Since I seem to own and uncountable number of tart pans in all sorts of differents shapes and sizes, I decided to use little tart pans with removeable bottoms (4 inches/10 centimeters) as opposed to muffin tins.

This is my version of Dorie Greenspan's recipe for Baby Cakes
(Hazelnut Baby Cakes)

3 eggs, L ( use organic or free range whenever possible), at room temperature
2/3 cup superfine sugar
1 package pure vanilla sugar (contains ground vanilla bean)
1 pinch of fine sea salt
5 ounces (150 g) ground hazelnuts, not too finely ground
5 tbsp (70 g) unsalted butter, room temperature
1 tbsp raspberry Brandy (Himbeergeist)

12 tart pans with removeable bottoms (4 inches/10 centimeters), buttered and lined with unbleached parchment paper rounds, then buttered again and floured ( better safe here than sorry later)

(preheat the oven to 350 degrees Fahrenheit/175 degrees Celsius)

1. In your mixer fitted with the whisk attachment, beat the eggs and sugar until the mixture is thick and pale yellow.

2. Add the vanilla sugar and the salt and whisk again briefly.

3. To the egg mixture, add the ground hazelnuts and whisk some more, scraping down the sides of the bowl as needed.

4. Switch to a spatula and knead  the butter until it gets to be very soft.

5.  Then add the butter to the batter, a small piece at a time until all the butter is used up and beat until blended.

6. Turn the mixer speed to low, add the raspberry Brandy and beat some more.

7. Using an ice cream scoop, spoon the batter into the twelve tart pans.

8. Place the tart pans on a baking sheet and transfer to the preheated oven.

9. Bake the Baby Cakes for about 25 minutes and transfer to a cooling rack.

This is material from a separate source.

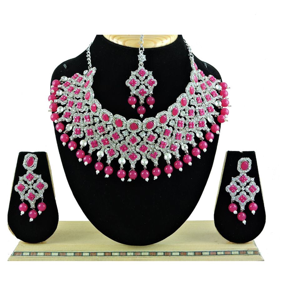 Gold Rodium Polish Pink and Majenta color Necklace in Metal Alloy studded with Austrian diamond, Pearl

10. Cool for a few minutes, turn the cakes out and cool completely.


Serve plain or with raspberries ( harmonizing with the raspberry Brandy) and/ or some softly whipped cream.

I should mention that while baking, the smell of these Baby Cakes was absolutely terrific. And I had no trouble turning them out of the tart pans, that parchment paper sure helped. And the taste was wonderful, everyone loved them plain as well as with berries and cream. Wonderful recipe!